To begin with, there are some who would argue that the productivity gap isn’t really a problem at all. The argument is that not all regions of the United Kingdom can be high-tech powerhouses. Output from lower-value added sectors needs to be produced somewhere – why can’t that be Northern Ireland? More of Northern Ireland’s output is concentrated in agriculture, retail and the manufacturing of textiles and food. These sectors tend to be more labour intensive and thus, contribute to lower productivity. The UK as a whole produces more output from high-tech sectors like information, communications, professional and scientific services.

If you reject the idea that Northern Ireland can remain perpetually less productive than the rest of the UK, it may lead you to conclude that resources need to be shifted from sectors like agriculture to more productive sectors like scientific research. However, the problem is not just compositional. Northern Ireland is still less productive than the rest of the United Kingdom in nearly all measurable sectors. Such a policy would also ignore the historical and even geographical reasons that Northern Ireland output is already concentrated in areas like agriculture and textile manufacturing.

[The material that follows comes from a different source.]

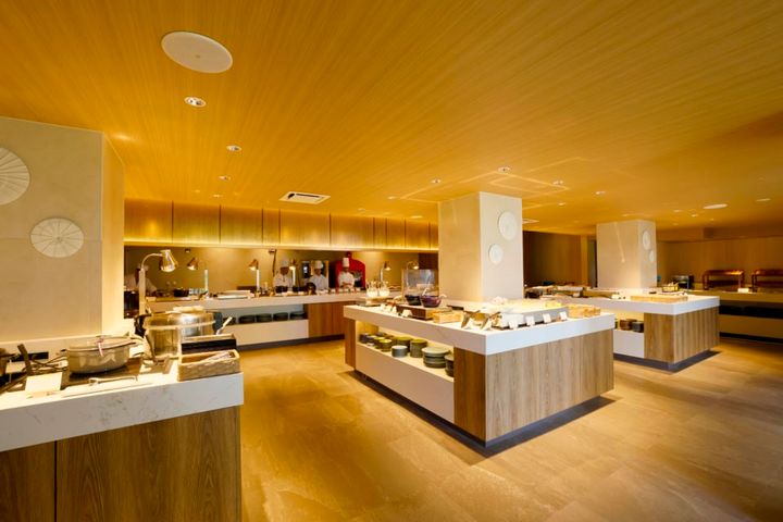今回はレストランも大幅なリニューアルを遂げています! 食事会場は「はいむるぶし」のちょうど中央に位置する「センターハウス」。まずは、洋食・和食・沖縄料理などが楽しるビュッフェレストラン「ザ・ビュッフェ」をご紹介。目の前でシェフが腕をふるうライブキッチン式で、焼き上がりまでの工程すらおいしさを演出! 三面ガラス張りになっているので、景色を一望できるのも特徴です。朝食をとってホッと一息つく剛力さん。“緑も海も見渡せて、最高のロケーション! 南国の太陽によって育まれた島野菜がおいしかった~”。

One of the myths that surround the productivity debate in Northern Ireland is that the public sector is holding us back. Based on the data available, the opposite is actually the case. Public administration and health are two areas where output/employment is actually significantly higher in Northern Ireland than it is in the rest of the UK. Were we to shift resources from the public sector to the private sector as it currently stands, Northern Ireland would become less productive.

Paul MacFlynn

Another myth surrounds output from the financial sector. A recent analysis of the UK productivity slump carried out by the Financial Times found that output from the UK financial sector may have been overstated for many years. Therefore even if the UK financial sector regains lost ground since 2008, its output per worker can never regain the level it was pre-crash. This holds important lessons for Northern Ireland in terms of prioritising certain sectors.

The key productivity challenge, therefore, is not only to generate more activity in particular sectors but also to become more productive in the sectors where Northern Ireland is currently producing below potential. The lack of improvement in recent years can be traced to the industrial and enterprise strategies that have been adopted in Northern Ireland to date. Rather than strategies designed to build up the capacity of existing industries through investment initiatives and collaborative partnerships, we have adopted policies designed to buy in success instead.

Northern Ireland has misdiagnosed the role of foreign direct investment as a generator of growth rather than as a catalyst for it. Foreign direct investment can be vital in boosting technology and innovation in high growth industries, but it can’t create them on its own. No reasonable amount of grants or incentives can give birth to an industry. This is also the central problem with cutting corporation tax. We would be far better advised to use our existing resources to build up key growth sectors of the economy whether in agri-food, life sciences or renewable energy. There needs to be a critical mass of investment in early stage and primary research, and there is a key role for public policy in this. The most successful and growth enhancing innovations and technologies have emanated from state-led and state-supported initiatives.

In order to close the productivity gap with the rest of the United Kingdom, we need to both boost activity in higher value added sectors and coordinate significant productive investment within them. We could start by putting together a real innovation strategy for Northern Ireland with the investment capability to back it up. Northern Ireland spends per head almost two and a half times the UK average for enterprise and economic development. In the light of our productivity performance to date it may be time to ask just how well spent that money is.

Paul MacFlynn analyses the Northern Ireland economy for the Nevin Economic Research Institute.